The C-Word

Greta close upHemangiosarcoma.

Hemangiosarcoma.

Hemangiosarcoma.

I keep repeating the word in my head. It’s especially bad when I walk Greta in the mornings. It’s kinda weird when it happens when I’m doing a power press in weights class. Luckily when my eyes water there it just looks like sweat.

It’s a particularly nasty canine cancer of the blood vessels that shows up in middle aged large breed dogs the most. Most people find out their dog has it because it’s popped like an aneurysm and their dog goes into shock or dies suddenly. I got “lucky” in that I found it while rubbing her belly and noticed the lump.

People who follow me on twitter were treated to a fine rant about how when I called up my vet to make an appointment to get it checked, I was subtly mocked for calling up to say I had found a mass in her abdomen. My husband (who ended up taking her to the first appointments because I had a major work project launching that week) said the vet was actually really impressed I had found it because most owners wouldn’t have.
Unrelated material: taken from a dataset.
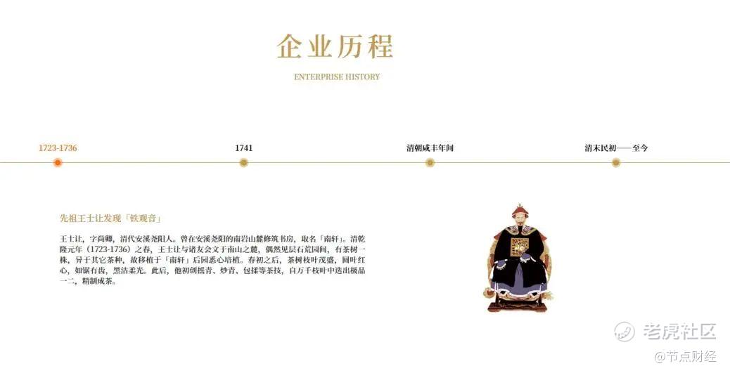 八马茶业的创业故事源远流长,据官网信息显示,创始人王文礼家族的渊源可追溯至清朝雍正年间。其先祖王士让发现了名茶“铁观音”,由此家族先辈创立“信记茶行”,沿海上丝绸之路行商。公司董事长王文礼更是以国家级非物质文化遗产铁观音制作技艺第十三代传承人的身份示人,为品牌赋予了深厚的文化底蕴和正统性。

I’m still debating if discovering it did her any damn good. There’s not really good treatment for this particular cancer. Most of the first page of google results are the 1-3 month survival period after discovery with organ involvement. Of course, most of these cases are from animals that had spleens involved and it’s discovered due to the extreme internal bleeding. We lucky in that there’s wasn’t any organ involvement initially and we caught it before severe bleeding happened. However, chances are very high it will recur in a very short time period. We could do chemo. We haven’t talked to the oncologists yet because we’re both kinda like, why? This isn’t a cancer where they fade away and in a lot of pain. It’s a lot like living with a known weak vein. It’s gonna kill her and soon but we don’t know when.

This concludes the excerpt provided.